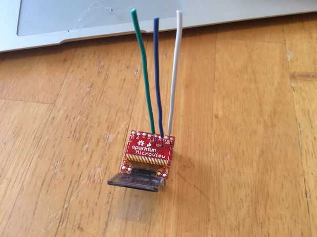 En la parte superior la placa de circuito MicroView son tres cojines de la soldadura ("vias") etiquetado como 11, 12 y 13. Estas son tres de los pines del ISP (In-System Programmer): MOSI y MISO SCK respectivamente. Para programar el cargador de arranque, es necesario enviar señales a estos tres pines; Yo soldado tres piezas cortas de cable de conexión de calibre 22, con la ayuda de mi esposa entrega constante para mantener los cables en su lugar.
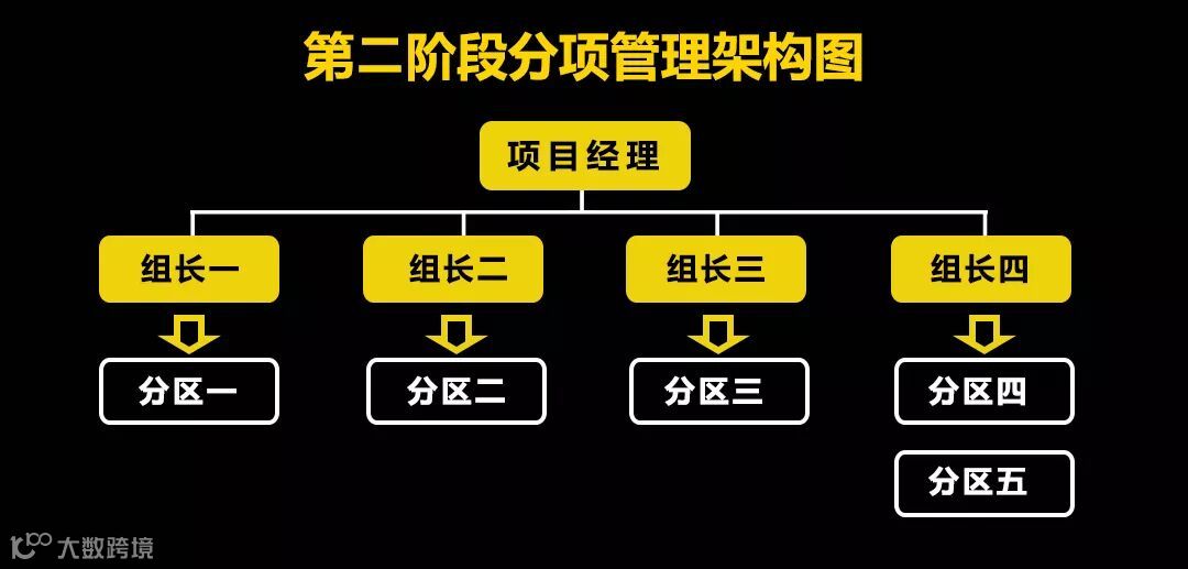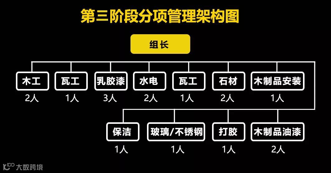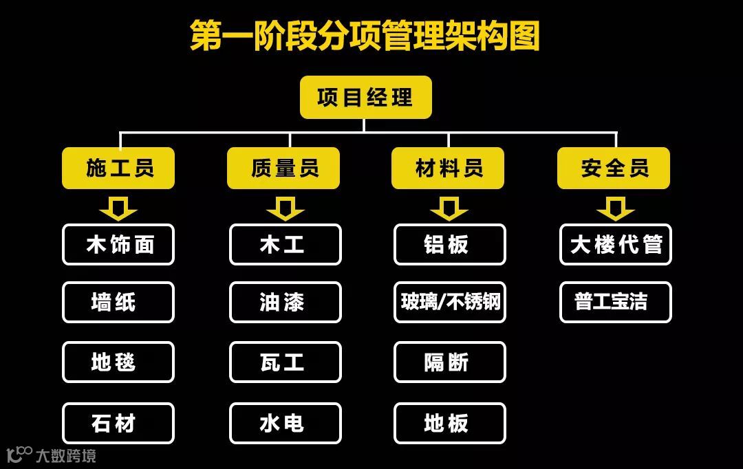 1. 第一阶段分项管理架构,由于第一阶段主要以收尾工作为主,为便于后期的资源调动,主要以分部分项的分工管理为主。
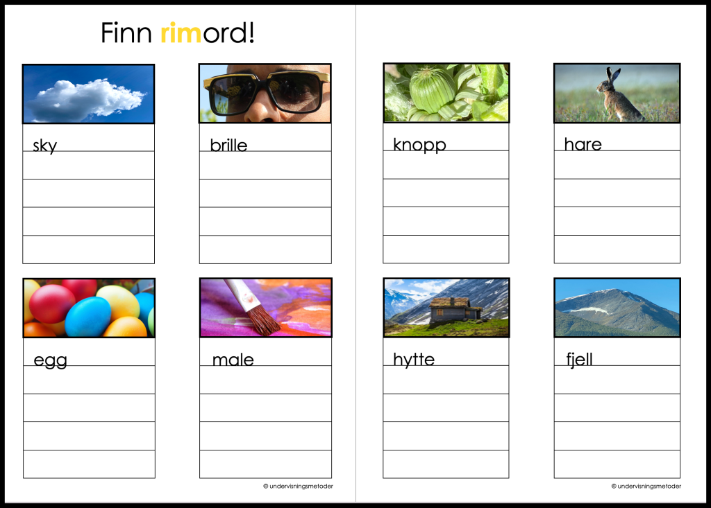 2) Skriv setninger med ordene: Her kan elevene også klippe ut et bilde, lime bildet i skriveboka si, for så å skrive en setning med ordet ved siden av.
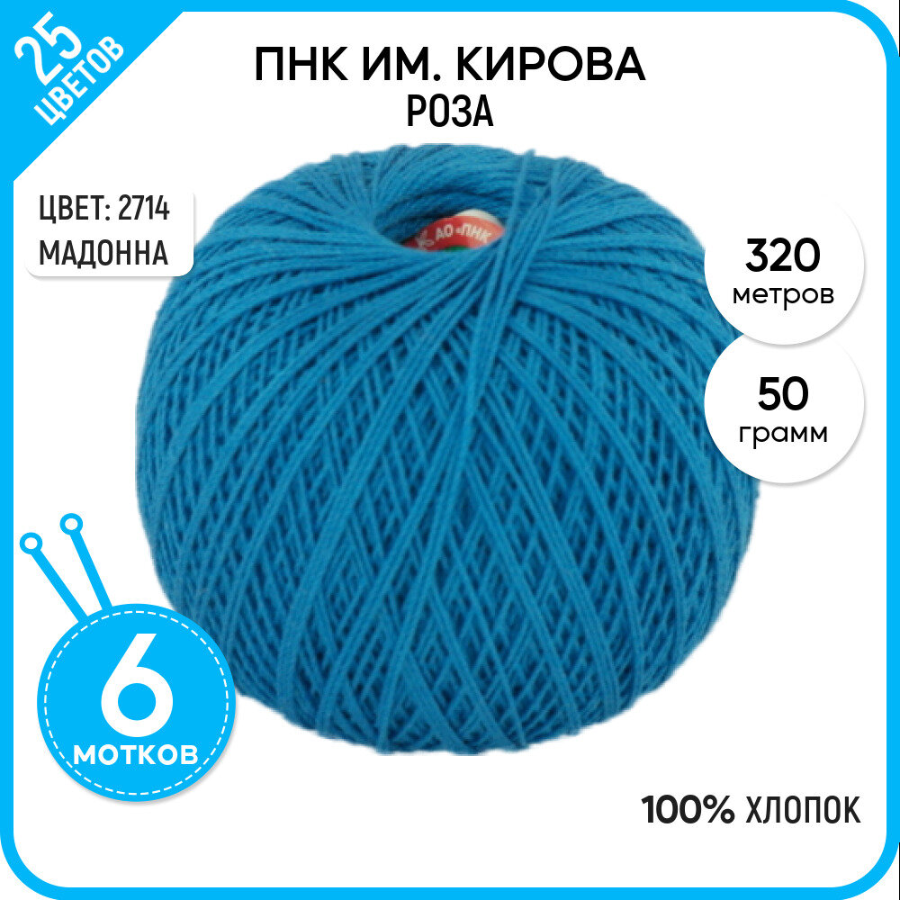 Пряжа ПРЯДИЛЬНО-НИТОЧНЫЙ КОМБИНАТ ИМЕНИ С.М. КИРОВА Роза, 100 % хлопок
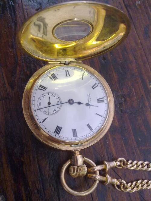 WOW! A 14ct solid gold Waltham pocket watch in its original box in 100% working order and just serviced. It also comes with a beautiful antique solid 14ct gold fob chain with 2 alberts and T bar. Each link is beautifully hallmarked 14ct gold. The length of the chain is 37cm and weighs a heavy 41.8 grams alone. The pocket watch on its own weighs 108.5grams so total is a whopping 150.3grams
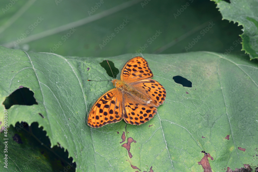 翅を開いたオオウラギンスジヒョウモンの雄(北海道・鶴居村)
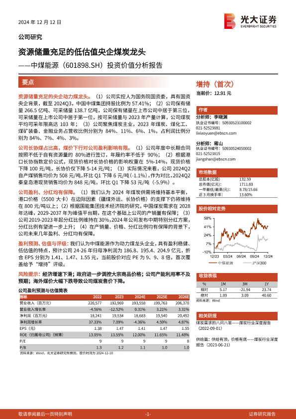 【光大证券】【20241212】中煤能源(601898)投资价值分析报告:资源储量充足的低估值央企煤炭龙头-22页
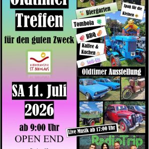 Anfang Juli veranstalteten Myriam und Andreas Bröll zum 5. Mal ein Oldtimertreffen zugunsten des Kinderhospiz St. Nikolaus in Bad Grönenbach und konnten 2025 mit ihrer Aktion stolze 8.500 Euro an Spenden sammeln.
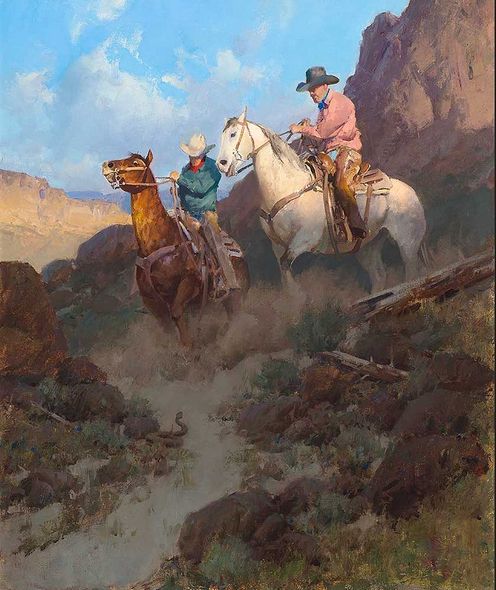 About the Art: By the time you hear him, you’re too close!’………….that is especially true on horseback. Bringing a horse to a sliding downhill stop on loose footing is unnerving, especially when you can hear but not see the snake. The Mojave Green rattlesnake packs extremely potent venom and he is common all over the brush covered canyons of Arizona ranch land.
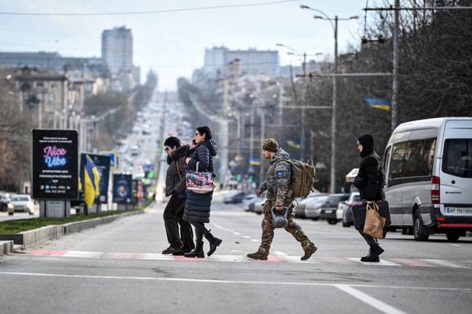 A soldier with a backpack and other pedestrians cross a street in Zaporizhzhia, Ukraine, January 10, 2026., Credit:Dmytro Smolienko / Avalon
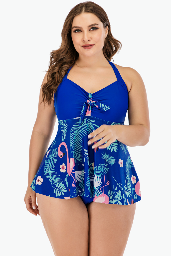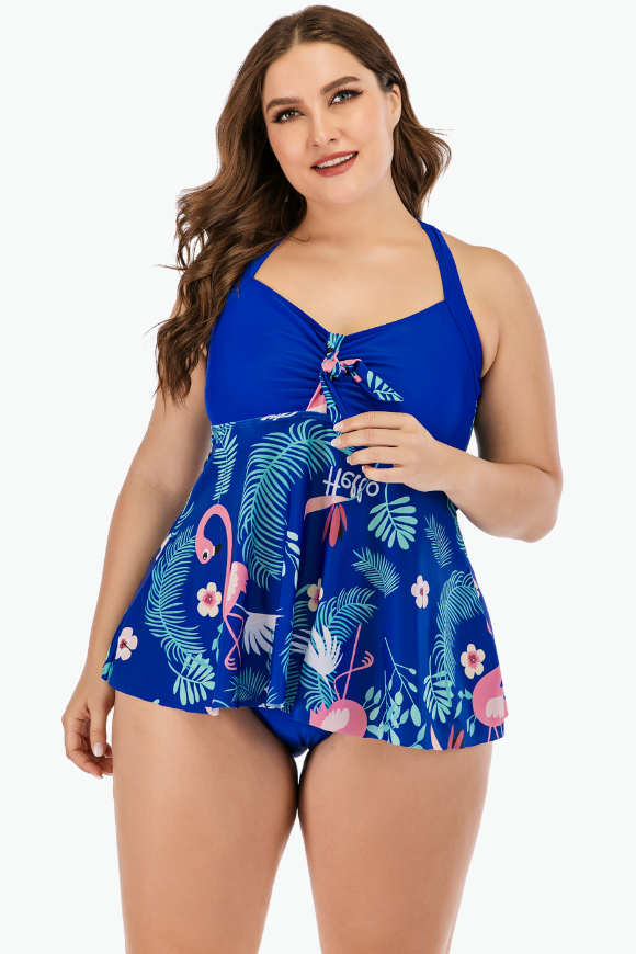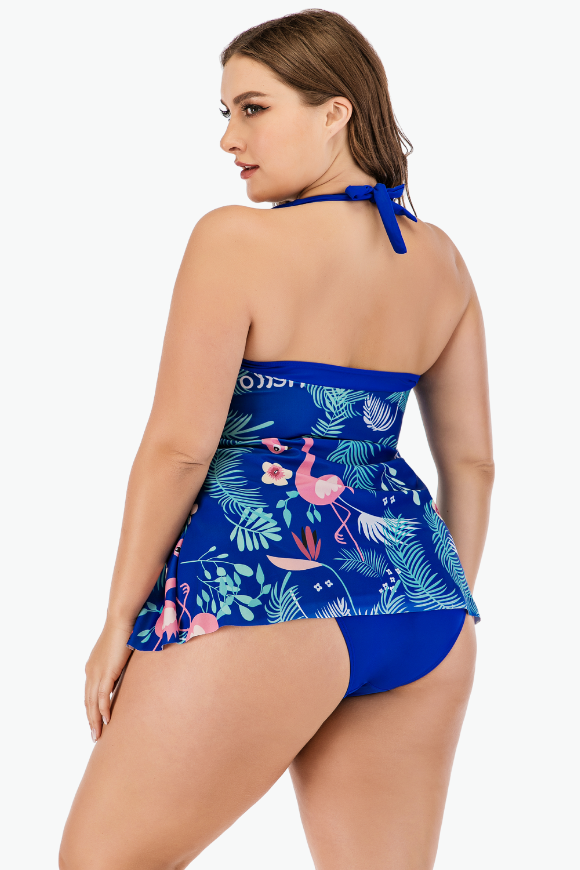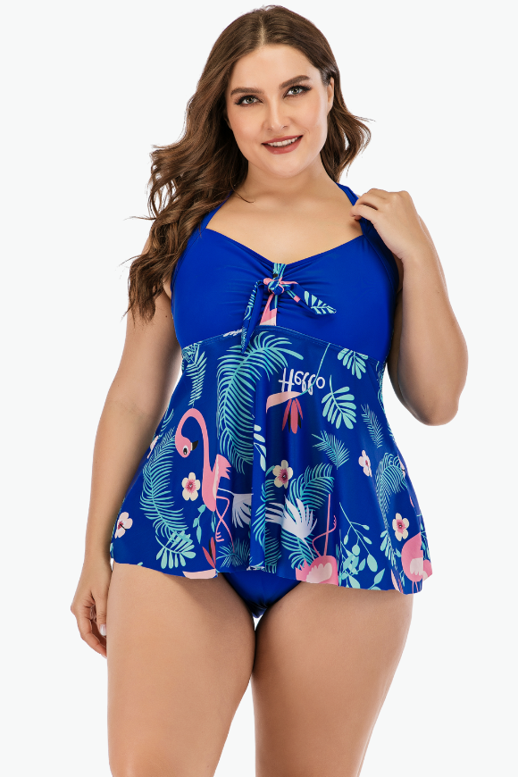 Blue Tropical Two Piece Tankini Plus Size Swimsuit
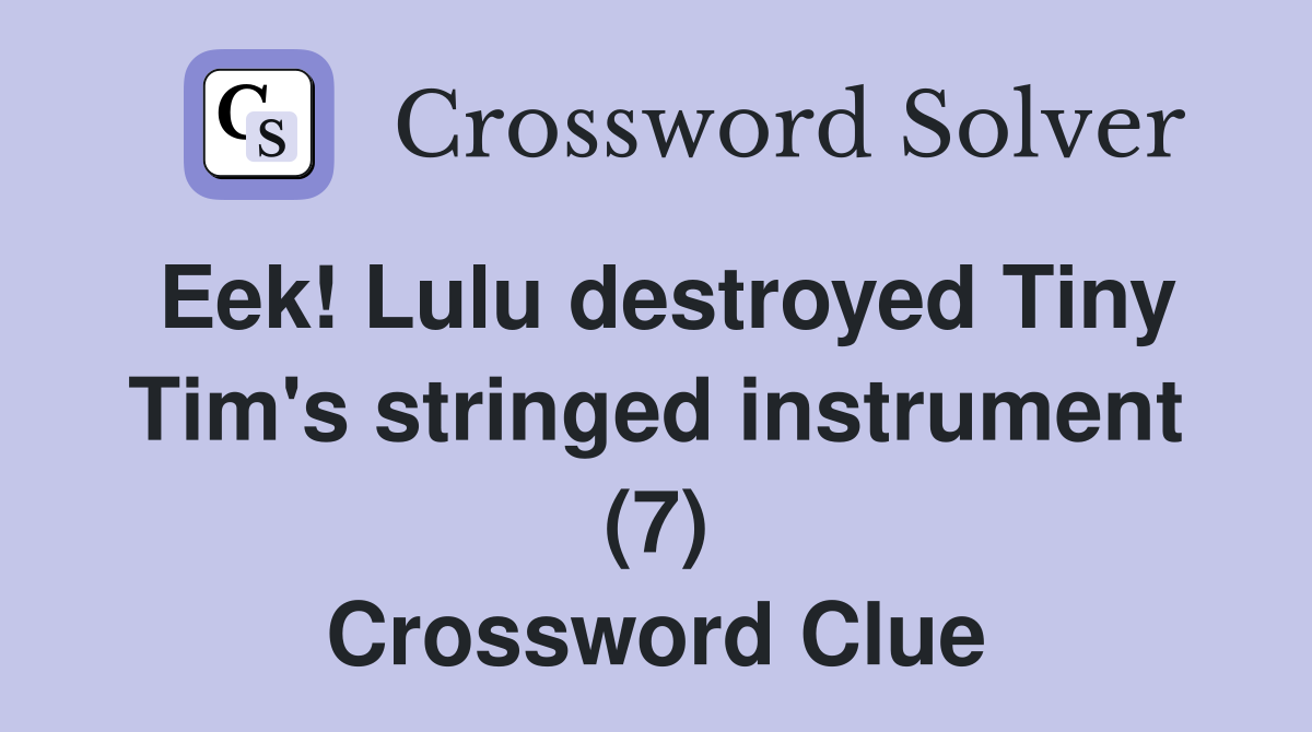 Eek! Lulu destroyed Tiny Tim's stringed instrument (7) Crossword Clue

^^^^

> _WHAT THE EXERCISE ASKS_
Exactly as they appear, print the lines of the listing above from its first line through the line that contains "Пряжа ПРЯДИЛЬНО-НИТОЧНЫЙ КОМБИНАТ", minus the pictures.

> _RESULT OF THIS TASK_
 En la parte superior la placa de circuito MicroView son tres cojines de la soldadura ("vias") etiquetado como 11, 12 y 13. Estas son tres de los pines del ISP (In-System Programmer): MOSI y MISO SCK respectivamente. Para programar el cargador de arranque, es necesario enviar señales a estos tres pines; Yo soldado tres piezas cortas de cable de conexión de calibre 22, con la ayuda de mi esposa entrega constante para mantener los cables en su lugar.
 1. 第一阶段分项管理架构,由于第一阶段主要以收尾工作为主,为便于后期的资源调动,主要以分部分项的分工管理为主。
 2) Skriv setninger med ordene: Her kan elevene også klippe ut et bilde, lime bildet i skriveboka si, for så å skrive en setning med ordet ved siden av.
 Пряжа ПРЯДИЛЬНО-НИТОЧНЫЙ КОМБИНАТ ИМЕНИ С.М. КИРОВА Роза, 100 % хлопок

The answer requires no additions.